В раскопанной мною комнате была глубокая ниша. Я поставил туда красный кораблик, снял с него парус и освободил палубу для ценного груза. Найду какое-нибудь семечко и погружу его на корабль. А вечером выну свои находки, напишу этикетки, возьму бумагу и вату и бережно переложу древние семена. Пусть ученые увидят их и установят, какие поля и сады цвели там, где сейчас пустыня.

Но вот однажды над нашей крепостью появилась тяжелая низкая туча. Мы быстро собрали инструменты и находки, засыпали землей все, что мог повредить ливень: очаги, закрома с зерном, отпечатки на полу. И побежали в лагерь.

Кораблик, нагруженный семенами, остался в нише. Я за него не беспокоился.

Ливень мы переждали в палатках. А когда он кончился, сразу кинулись на раскопки. Посмотреть, что стало с нашей глинобитной крепостью.

Крепость потемнела от влаги. Но все было в порядке. Только в нескольких раскопанных комнатах стояли лужи.

Зато моя комната была залита до самого верха — все стеклось в нее. А посередине, на мутной воде цвета кофе с молоком, мирно покачивался красный кораблик, подаренный дочкой.

Его вынесли из ниши потоки, которые проникли в комнату уже после дождя. Косточки и семена оказались сухими. Их спас кораблик. Он пригодился.

Хороший климат


Вера Владимировна, географ, приехала к нам на раскопки, живет в нашем лагере, изучает наш климат.

Даже в обеденный перерыв, в самую жарищу, она таскает по пустыне какие-то громоздкие приборы.

Ей интересно, как отражается солнечный жар от различных поверхностей. От заросшей степи, изрытой звериными норами. От гладких такыров, белых и серых, розоватых и золотистых. От чистейших желтых барханов. От грязноватых песчаных гряд с мозаикой следов и снопиками пустынного ячменя. От сверкающих солончаков и от темных пухляков с хрустящей корочкой и едкой пылью.

А мы с нетерпением ждем результатов ее исследования. Нас интересует только одно: какой у нас климат, хороший или плохой.

— Это не научно! — сердится Вера Владимировна. — Климат бывает сухим или влажным, морским или континентальным и так далее. Но он не может быть хорошим или плохим.

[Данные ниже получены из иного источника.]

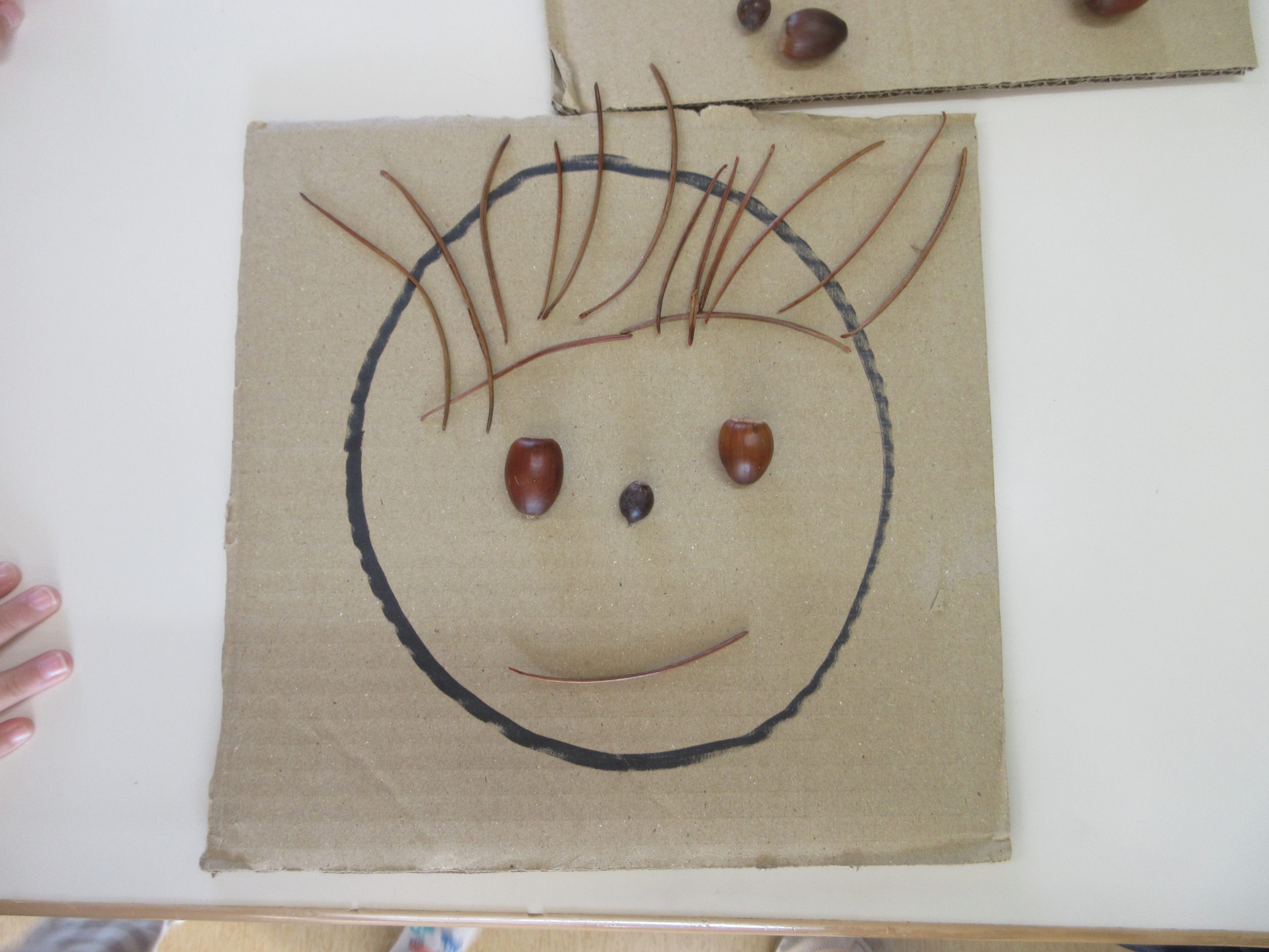 「これは目、これは髪の毛」「笑ってる顔やで」「怒ってる顔やで」など、自然物を使って色々な表情を表現していました。
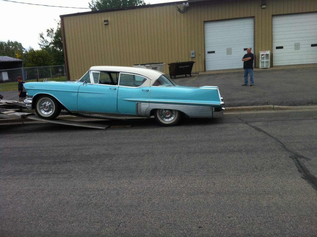 The truck driver had to unload two other vehicles first, then roll her down off the carrier. He insisted on using her own brakes, whereas I wanted to use the winch; it worked out great because without the winch, the suspension was “up” and the rear cleared the ground better.

— Нет, может! — хором возражаем мы.

— Уверяю вас, не может! — говорит Вера Владимировна дрожащим голосом. — Вы должны это понимать. Вы же научные работники, серьезные люди!

Это превратилось в игру. Каждый вечер в столовой кто-нибудь из нас, подмигнув соседям, начинает:

— Так какой же у нас климат, Вера Владимировна, с научной точки зрения? Хороший или плохой?

Вера Владимировна чуть не плачет.

— Нет, это невозможно! Вы же человек науки! Какая у вас тема? Древняя скульптура? Так вот. Вы же знаете, что скульптура бывает мраморной или гипсовой, миниатюрной или монументальной…

— Но хорошей или плохой, — невозмутимо перебиваем мы, — она быть не может.

— Вы меня совсем запутали! — не выдержала Вера Владимировна. — Не знаю, от чего я раньше сойду с ума, от вас или от этой проклятой жары! Успокойтесь: хороший у вас климат, хороший! Особенно для змей, ящериц, черепах. И для таких гадов, как вы!

Фата-моргана


У нас в отряде есть своя фата-моргана. Попросту говоря — мираж.

Обман зрения отличается удивительным постоянством: каждый день в одном и том же месте.

Призрак точен: возникает около одиннадцати, уходит в половине пятого.

Наваждение имеет форму озера. Размером приблизительно двести метров на сто двадцать.

Светлое озеро отражает небо и деревья.

Мираж — наша достопримечательность. Нам не безразлично, как отнесутся к нему наши гости.

— Неужели озеро? — удивляются одни из них.

— Нет, мираж! — отвечаем мы не без гордости. — Правда, хорош?

— Неужели мираж? — догадываются другие.

— Он самый, — произносим мы с нежностью. — Правда, красив?

А одна девушка ничего не спросила, просто взяла полотенце и пошла на озеро купаться. С каким восторгом мы следили за ней!

Мираж исчезает не сразу. Он заигрывает с нами, подпускает к себе. Он делает вид, что к нему можно подкрасться, что его легко перехитрить. Но еще миг — и озеро вздрагивает, дробится в кустах, пропадает…

А кусты стоят на месте. Они даже не подозревают, что были тенистыми деревьями, отраженными в воде.

Лагерь близко, воду подвозят аккуратно, и потому коварная игра природы не кажется нам жестокой.

Больше того. Мы любим свой мираж. Мы боимся, что в один прекрасный день он исчезнет и никогда к нам не вернется. Нам так хорошо с ним в плоской степи под белесым небом!

Мы любуемся им, как произведением искусства, как мастерски написанной картиной.

Но хотя с виду наше озеро не отличается от настоящих степных озер, картину эту не назовешь реалистической. Мы знаем ее секрет. Знаем, чего ей не хватает.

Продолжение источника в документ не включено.